Extracted data entries
◇ ◇ ◇ ◇ ◇

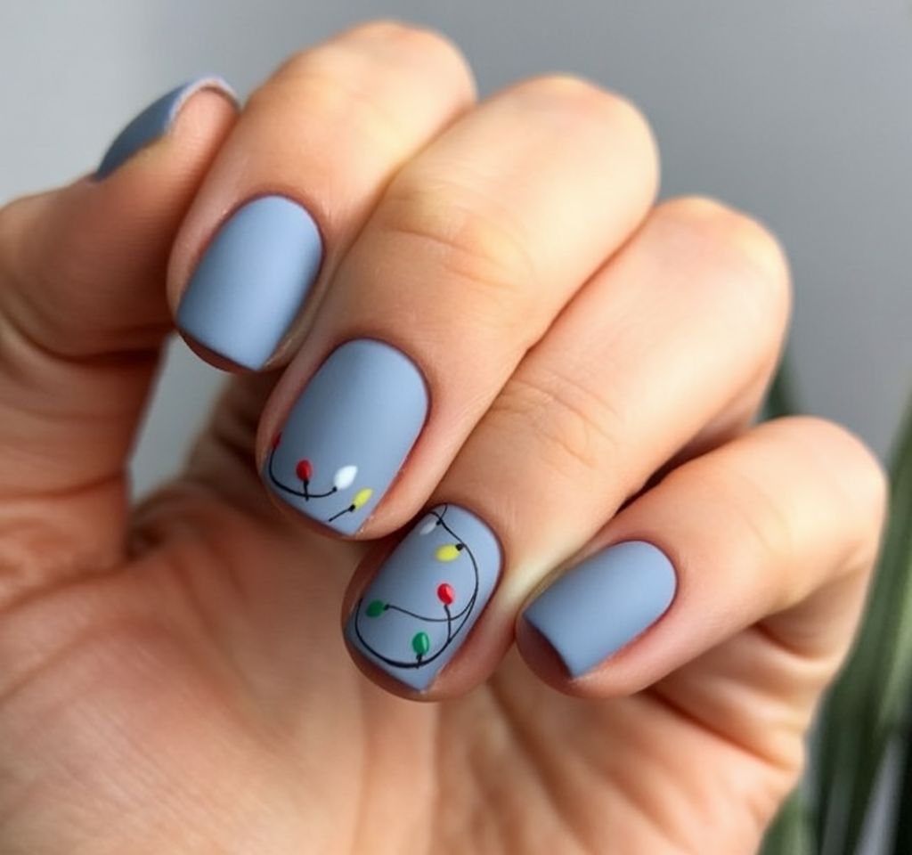 Soft matte blue nails get their festive touch from the playful string light details in red, green, yellow, and white. The look is whimsical yet modern, perfect for capturing the cozy glow of Christmas evenings. It is cheerful, full of creative energy, and reminiscent of childhood joy.
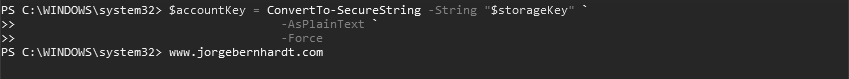 Using the ConvertTo-SecureString cmdlet we convert the account key into a secure string.
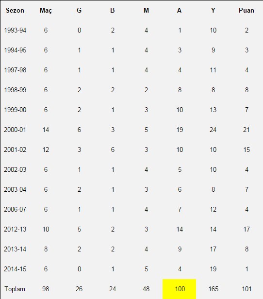 Bu sezonla birlikte 13.kez grup aşamasında yer alan Galatasaray grup ve sonraki turlarda (turnuva aşaması olarak tabir edilen) 98 maça çıktı.
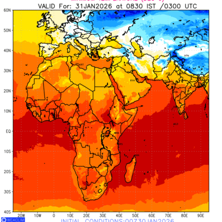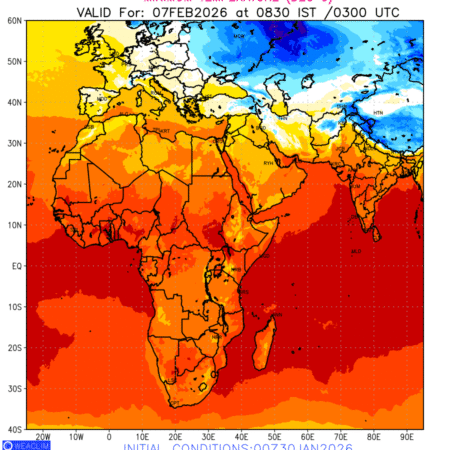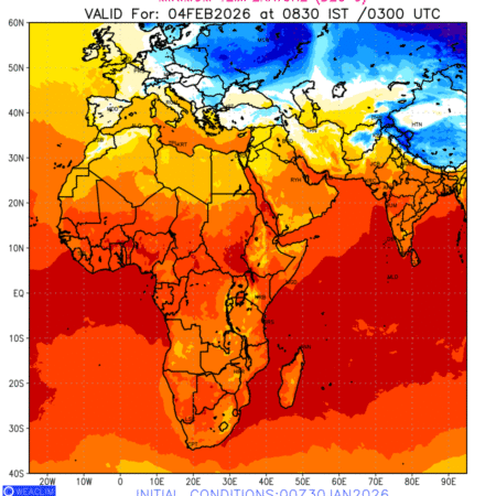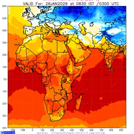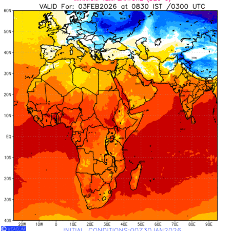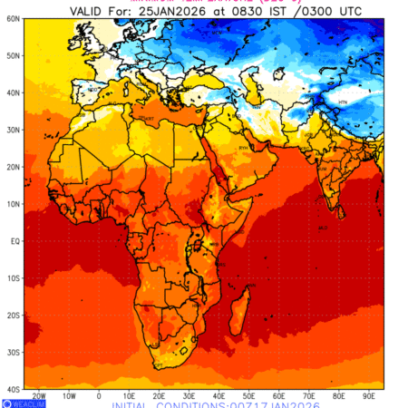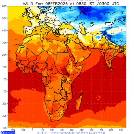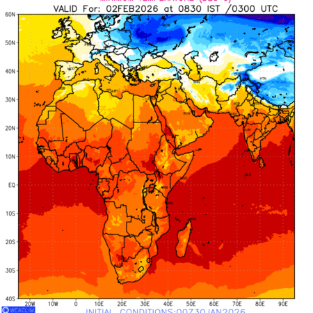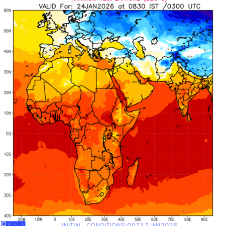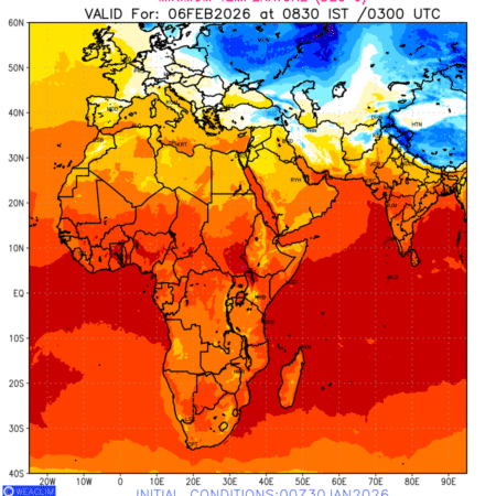Minimum Temperature for Africa depicts the highest temperatures at 2m above the ground surface between 0300 UTC of the previous date to 0300 UTC of the required date. This is an important variable for weather forecasting, as it determines the conditions at the Earth’s surface during the coldest part of the date, affecting human activities, agriculture, and the environment. 2m Temperature data can be used for a variety of applications, such as predicting the onset of cold spells, forecasting temperature trends, and studying the impact of weather on various systems and processes.
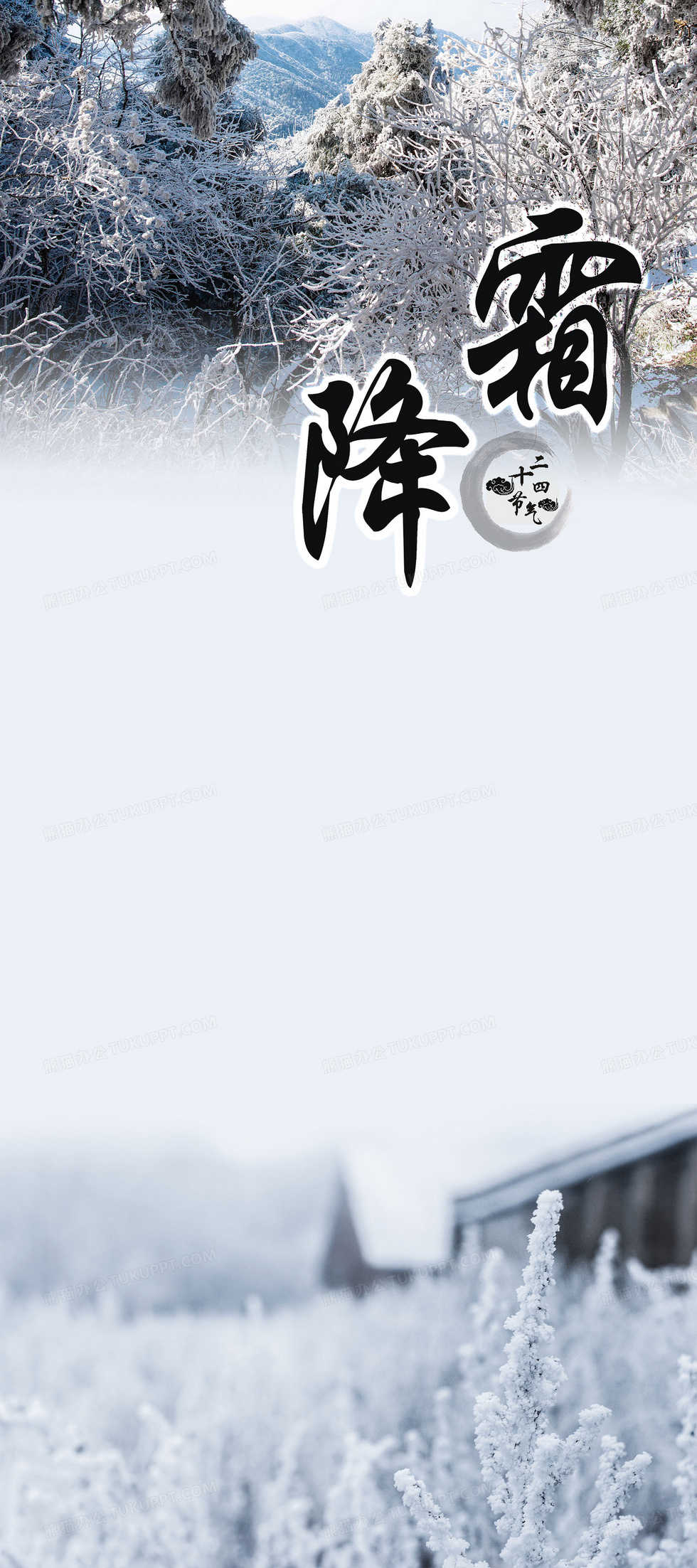 本作品内容为二十四节气霜降背景图, 格式为 psd, 图片尺寸为3000 x 6750, 作品中背景图片无需修改, 源文件无水印,可以直接使用, 欢迎使用熊猫办公。 如认为平台内容涉嫌侵权,可通过邮件:tousu@tukuppt.com提出书面通知,我们将及时处理。
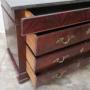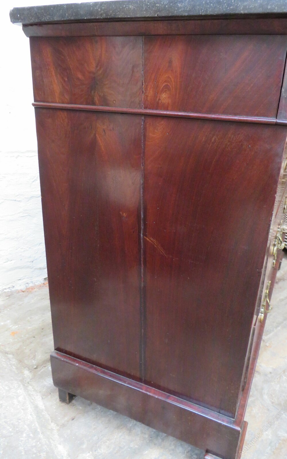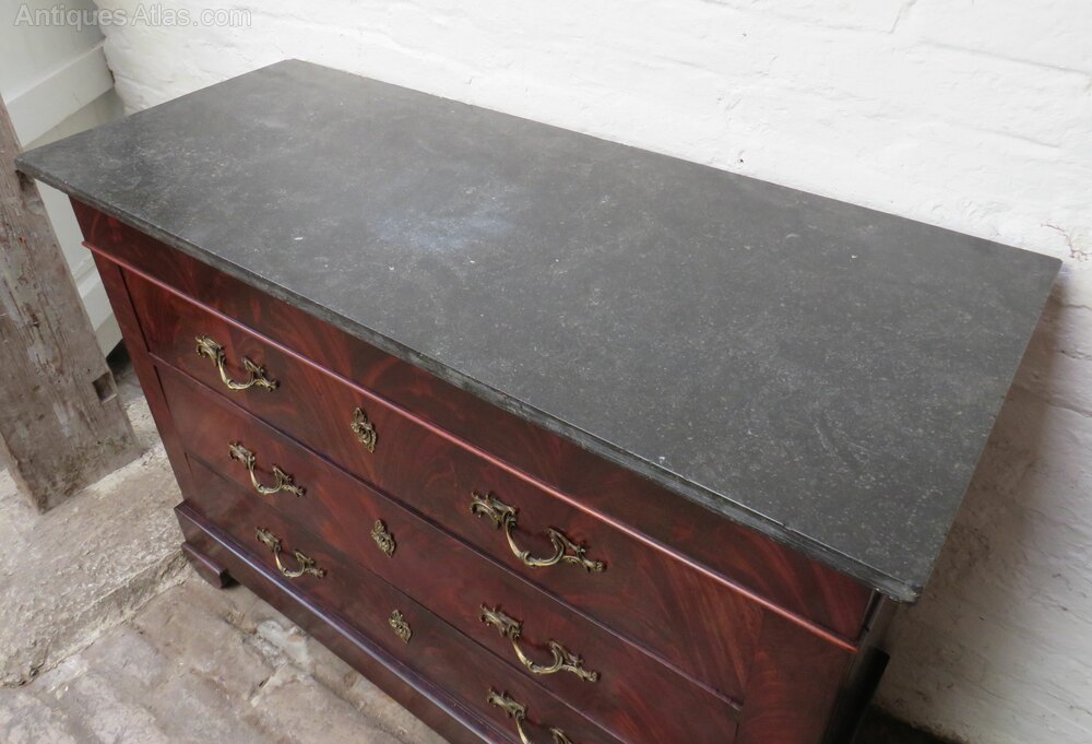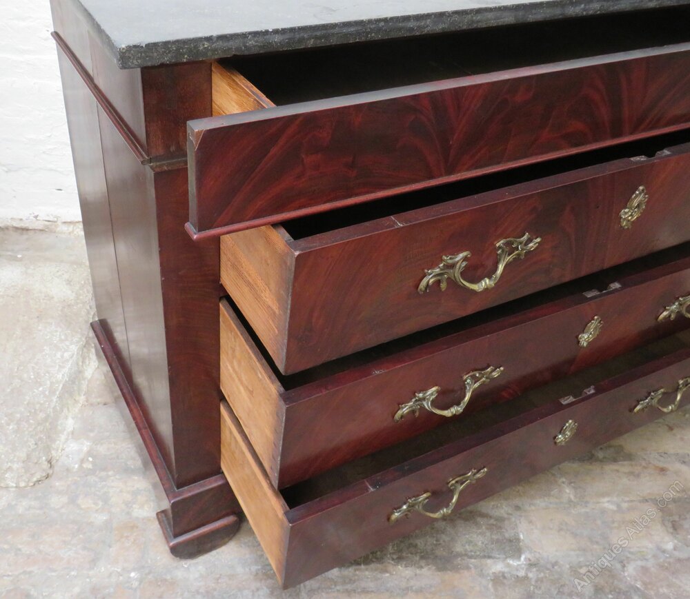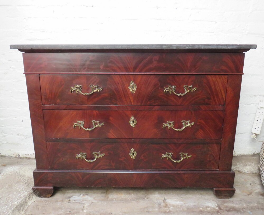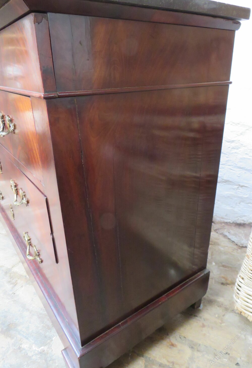 Shapely, sound and sturdy 19th century French four drawer flame mahogany and marble top commode, chest of drawers. More images available.Shipping information
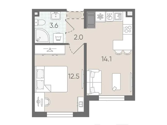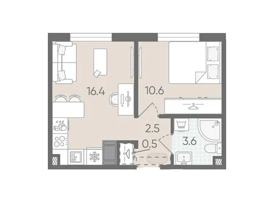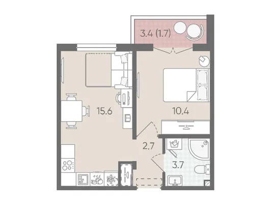 1-комн. от 31,4 до 32,7 м² от 5,95 млн до 6,20 млн ₽
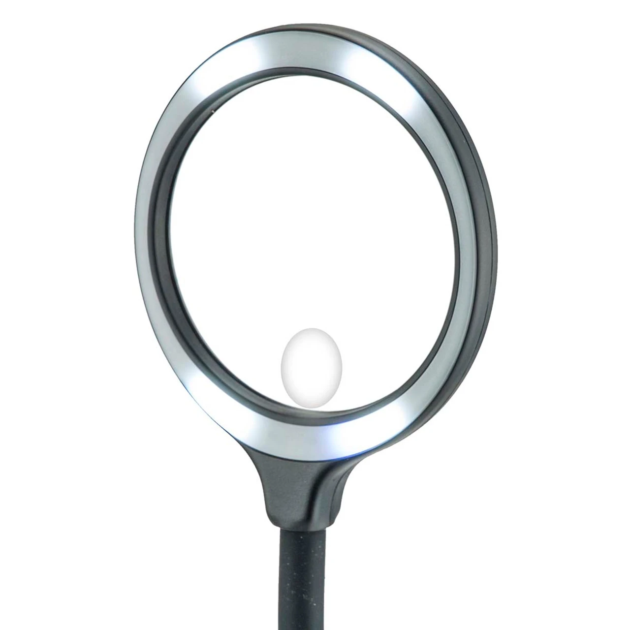 Enjoy brighter, more even lighting with this magnifying desk lamp. Designed with four super-bright COB LEDs and a light-diffusing cover, this advanced lamp eliminates LED hot spots for more even light distribution and better color definition. The adjustable magnifier offers 2X magnification with a 5X power spot lens to see the finest details. Includes power adapter. 6½ x 9 x 6″ (16.5 x 22.9 x 15.2cm).
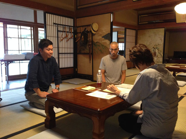 お部屋で今後のスケジュールをお坊さんと打ち合わせ
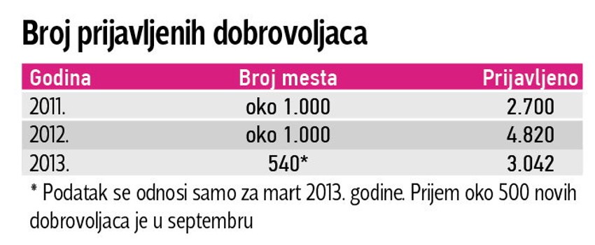 Vojska godišnje prima oko 1.000 dobrovoljaca, što je više od potrebe za profesionalnim vojnicima. To znači da im dobrovoljno služenje vojnog roka ne garantuje da će se i zaposliti kao profesionalni vojnici.

◇ ◇ ◇ ◇ ◇

Exact wording is required throughout: write out all the records, but no pictures.

● **RESULT OF THE TASK**
 Soft matte blue nails get their festive touch from the playful string light details in red, green, yellow, and white. The look is whimsical yet modern, perfect for capturing the cozy glow of Christmas evenings. It is cheerful, full of creative energy, and reminiscent of childhood joy.
 Using the ConvertTo-SecureString cmdlet we convert the account key into a secure string.
 Bu sezonla birlikte 13.kez grup aşamasında yer alan Galatasaray grup ve sonraki turlarda (turnuva aşaması olarak tabir edilen) 98 maça çıktı.
Minimum Temperature for Africa depicts the highest temperatures at 2m above the ground surface between 0300 UTC of the previous date to 0300 UTC of the required date. This is an important variable for weather forecasting, as it determines the conditions at the Earth’s surface during the coldest part of the date, affecting human activities, agriculture, and the environment. 2m Temperature data can be used for a variety of applications, such as predicting the onset of cold spells, forecasting temperature trends, and studying the impact of weather on various systems and processes.
 本作品内容为二十四节气霜降背景图, 格式为 psd, 图片尺寸为3000 x 6750, 作品中背景图片无需修改, 源文件无水印,可以直接使用, 欢迎使用熊猫办公。 如认为平台内容涉嫌侵权,可通过邮件:tousu@tukuppt.com提出书面通知,我们将及时处理。
 Shapely, sound and sturdy 19th century French four drawer flame mahogany and marble top commode, chest of drawers. More images available.Shipping information
 1-комн. от 31,4 до 32,7 м² от 5,95 млн до 6,20 млн ₽
 Enjoy brighter, more even lighting with this magnifying desk lamp. Designed with four super-bright COB LEDs and a light-diffusing cover, this advanced lamp eliminates LED hot spots for more even light distribution and better color definition. The adjustable magnifier offers 2X magnification with a 5X power spot lens to see the finest details. Includes power adapter. 6½ x 9 x 6″ (16.5 x 22.9 x 15.2cm).
 お部屋で今後のスケジュールをお坊さんと打ち合わせ
 Vojska godišnje prima oko 1.000 dobrovoljaca, što je više od potrebe za profesionalnim vojnicima. To znači da im dobrovoljno služenje vojnog roka ne garantuje da će se i zaposliti kao profesionalni vojnici.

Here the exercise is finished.